_Problem description_
Lines before the one containing "Contoh Tabel Angsuran Flat (Bunga Tetap)" are not copied; that line and every one after it, through the end of the material below, are printed exactly, without pictures.
--- Dataset extract ---
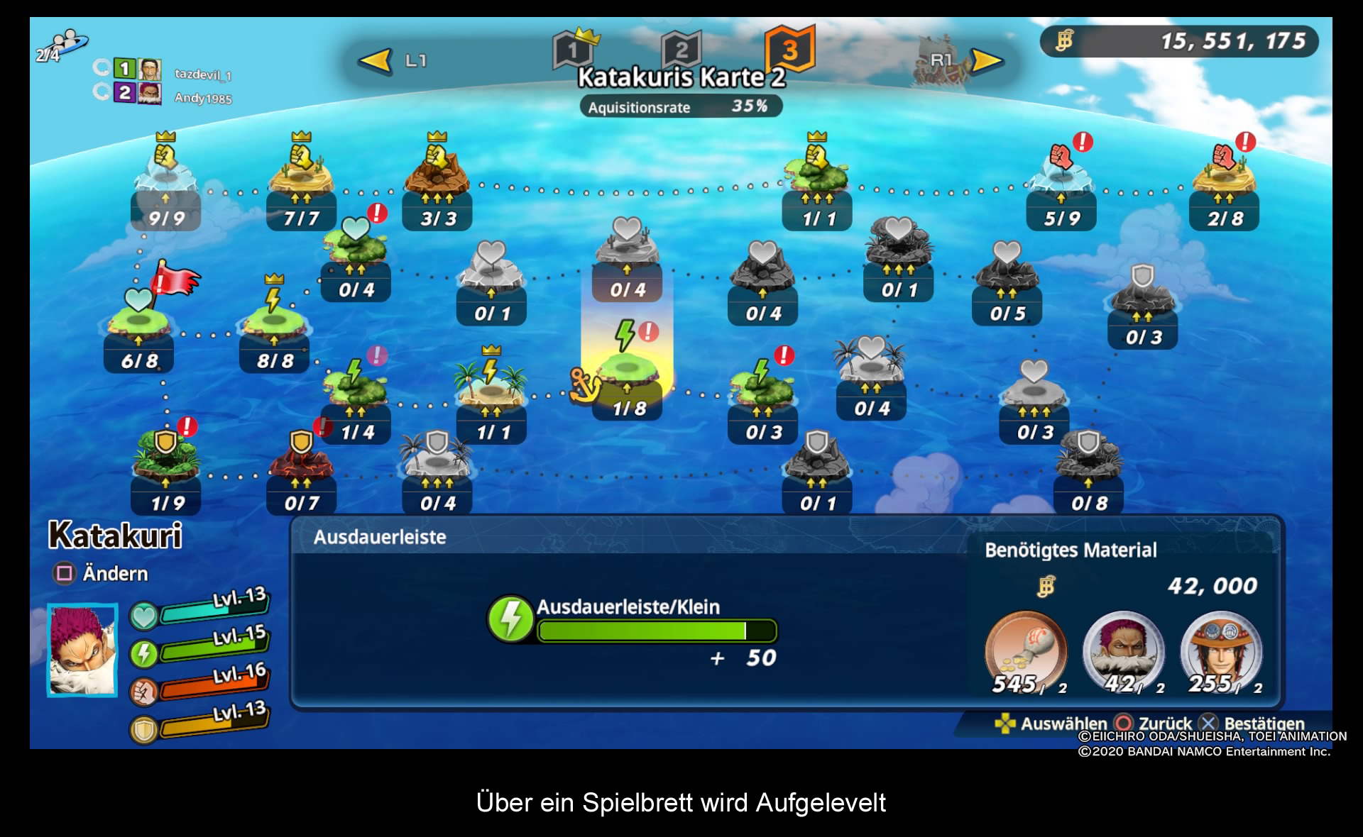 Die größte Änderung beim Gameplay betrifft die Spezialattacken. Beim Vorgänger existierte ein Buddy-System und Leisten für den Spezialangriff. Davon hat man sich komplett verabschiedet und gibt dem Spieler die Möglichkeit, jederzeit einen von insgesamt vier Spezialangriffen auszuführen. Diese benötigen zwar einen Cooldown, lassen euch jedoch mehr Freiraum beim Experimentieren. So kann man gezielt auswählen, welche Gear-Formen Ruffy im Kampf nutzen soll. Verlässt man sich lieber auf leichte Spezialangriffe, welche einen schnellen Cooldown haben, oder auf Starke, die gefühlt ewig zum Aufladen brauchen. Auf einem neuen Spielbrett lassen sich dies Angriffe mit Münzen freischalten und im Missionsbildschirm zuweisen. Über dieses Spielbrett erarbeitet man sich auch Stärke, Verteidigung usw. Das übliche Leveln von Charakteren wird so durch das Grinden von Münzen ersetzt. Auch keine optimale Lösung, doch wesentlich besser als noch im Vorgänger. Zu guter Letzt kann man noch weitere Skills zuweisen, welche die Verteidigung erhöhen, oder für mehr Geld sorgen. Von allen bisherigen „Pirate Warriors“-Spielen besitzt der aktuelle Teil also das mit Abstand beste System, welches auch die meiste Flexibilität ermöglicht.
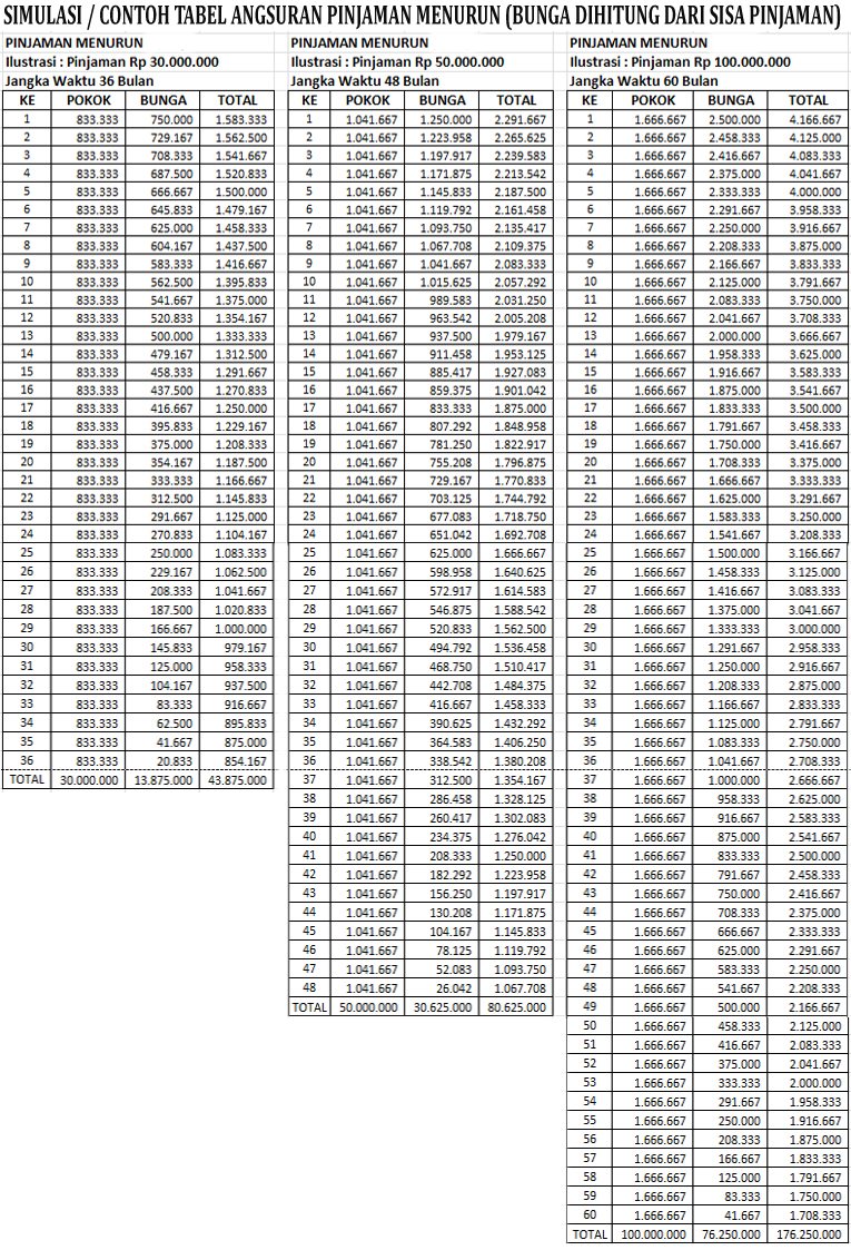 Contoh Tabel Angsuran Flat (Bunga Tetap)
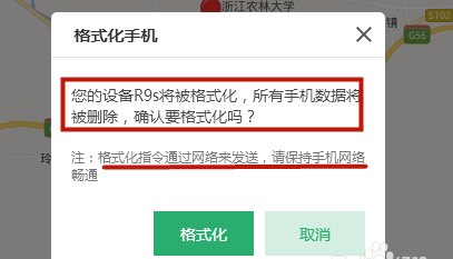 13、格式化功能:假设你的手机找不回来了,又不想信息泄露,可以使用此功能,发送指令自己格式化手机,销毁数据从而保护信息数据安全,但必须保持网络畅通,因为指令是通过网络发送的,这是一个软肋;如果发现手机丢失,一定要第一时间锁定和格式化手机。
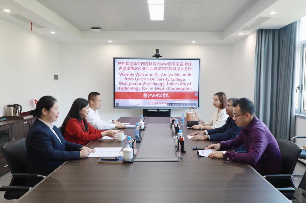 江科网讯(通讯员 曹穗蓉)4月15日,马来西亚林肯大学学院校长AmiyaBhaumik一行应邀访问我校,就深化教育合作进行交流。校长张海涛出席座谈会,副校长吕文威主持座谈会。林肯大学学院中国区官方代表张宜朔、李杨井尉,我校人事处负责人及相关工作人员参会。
---
_Answer to the problem_
 Contoh Tabel Angsuran Flat (Bunga Tetap)
 13、格式化功能:假设你的手机找不回来了,又不想信息泄露,可以使用此功能,发送指令自己格式化手机,销毁数据从而保护信息数据安全,但必须保持网络畅通,因为指令是通过网络发送的,这是一个软肋;如果发现手机丢失,一定要第一时间锁定和格式化手机。
 江科网讯(通讯员 曹穗蓉)4月15日,马来西亚林肯大学学院校长AmiyaBhaumik一行应邀访问我校,就深化教育合作进行交流。校长张海涛出席座谈会,副校长吕文威主持座谈会。林肯大学学院中国区官方代表张宜朔、李杨井尉,我校人事处负责人及相关工作人员参会。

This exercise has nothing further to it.